Yesterday I helped launch the government’s Data Science Ethical Framework at Nesta, alongside Cabinet Office minister Matthew Hancock. Here’s what I said.
Almost everything we do now is captured as data - where we go, what we buy, who we talk to, and data is very much part of daily work at Nesta. We are involved heavily as an investor in some of the most promising early stage companies developing algorithms, such as Featurespace or Cogbooks; as a shaper of new kinds of statistics, for example combining open, commercial data and web-scraping to understand the economy in Tech Nation 2016; we’ve promoted data for social progress; helped use open data to solve public challenges; and are active in experiments right on the forefront of ethics, such as Dementia Citizens.
All of that makes us supportive of anything that will make it easier to run useful, imaginative experiments in data, and supportive of anything that makes it more likely that data can serve the public interest.
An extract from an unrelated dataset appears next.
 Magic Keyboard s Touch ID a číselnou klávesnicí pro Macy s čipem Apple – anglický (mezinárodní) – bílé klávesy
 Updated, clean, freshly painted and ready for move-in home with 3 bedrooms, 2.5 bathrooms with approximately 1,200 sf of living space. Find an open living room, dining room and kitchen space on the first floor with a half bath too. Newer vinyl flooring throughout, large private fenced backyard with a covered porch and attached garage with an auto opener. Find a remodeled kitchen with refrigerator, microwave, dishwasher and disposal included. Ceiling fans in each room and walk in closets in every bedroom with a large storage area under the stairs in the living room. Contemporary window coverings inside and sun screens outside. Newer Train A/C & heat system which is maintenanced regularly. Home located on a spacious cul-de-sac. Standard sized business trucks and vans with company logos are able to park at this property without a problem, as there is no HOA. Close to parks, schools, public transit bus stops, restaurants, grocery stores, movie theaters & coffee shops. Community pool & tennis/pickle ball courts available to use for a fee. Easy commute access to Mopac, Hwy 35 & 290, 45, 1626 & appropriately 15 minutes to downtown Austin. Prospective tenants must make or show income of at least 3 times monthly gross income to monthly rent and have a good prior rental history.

The UK has a remarkable history in this space. It pioneered many initiatives that we would now describe as ‘data first’, gathering data to discover patterns rather than waiting for theories. The UK parliament’s Blue Books collected vast quantities of data. Figures like William Playfair (inventor of the line graph, bar and pie charts) made data accessible as well as insightful. William Petty invented much of modern economics through creating new ways of orchestrating data on income and assets. John Snow invented crucial parts of modern public health through his analysis of cholera in mid-19th century, alongside seminal figures like Florence Nightingale.
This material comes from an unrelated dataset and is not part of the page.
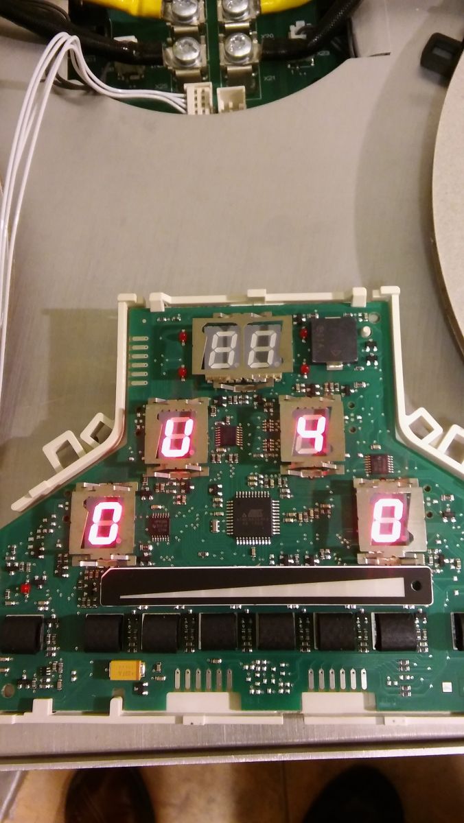 Witam. Płyta indukcyjna jak w temacie. Była uszkodzona przetwornica ICE3A1065 i pare innych elementów zw zasilaczu napięć pomocniczych. Po naprawie załącza wszystkie wyświetlacze i diody na panelu sterującym wyłącza je i sygnalizuje buzzerem stały sygnał dźwiękowy, oraz miga pokazanymi na dołączonym zdjęciu wyświetlaczami. Można odczytać jakby U4 , ale to przecież chyba nie jest kod błędu.

It’s fascinating that three centuries ago this field was called ‘political arithmetic’ (or, to be more precise, ‘political arithmetick’). The heart of the issue today is that data is inevitably political, with a small p, as well as technical. It creates, shifts and reshapes power. And it inevitably touches on acutely ethical issues.
The dramatically more powerful tools now available for gathering and analysing make this even more obvious. Data becomes most valuable when connected and combined. But data also potentially becomes most dangerous when it’s connected and combined. That’s why, from a policy perspective, two routes have to be pursued in close tandem. On the one hand, we have to make it easier to combine data of all kinds so as to discover the greatest use of values, by spotting patterns, so as to better predict and analyse. On the other hand, we also have to put in place stronger protections against abuse and cultivate a constant dialogue to ensure that we reap the greatest potential benefits with the fewest possible harms.
That’s not easy. The public are right to distrust big institutions that have in the past been careless with their data: civil servants leaving computer discs in car parks or private companies losing vast databases. It’s also not easy because the data science field itself tends to be more fascinated with means than with ends, and has often failed to explain what problem it is trying to solve, or what need is being met.
The good news is that although there are plenty of gaps in public understanding and knowledge, citizens are highly pragmatic, willing to accept trade-offs, and to share data if they can see a benefit, even with the most sensitive personal data.
But that pragmatism is highly context specific. We can try to define general principles and then deduce specific applications. But in practice the discussions have to be around particular cases in particular places and times.
Government has no choice but to be part of the conversation. Private organisations can and should attempt to embed ethics and engage the public. But ultimately the rules will have to involve accountable public power, and it’s neither fair nor realistic to expect private firms to solve problems which are by their nature public.
That’s why a few months ago I proposed the creation of a Machine Intelligence Commission, learning from lessons in other fields, such as human fertilisation, to help navigate a route through the potential minefields of powerful new algorithms and data uses.
When they work well, commissions of this kind make it easier to experiment and innovate, striking a proportionate balance between freedoms and restraints. They participate actively in public dialogue and help people think through what’s possible and desirable. That’s going to be vital in relation to data and machine intelligence in fields like health, transport or security. By contrast, if governments ignore the question of data ethics, then it’s fairly guaranteed that periodic public backlashes will make it much harder to reap the full benefits of new tools.
Knowledge is power. It’s never wholly neutral. That’s why it’s right that scrutiny, argument and, yes, democracy, play their part in the next evolutions of data and machine intelligence.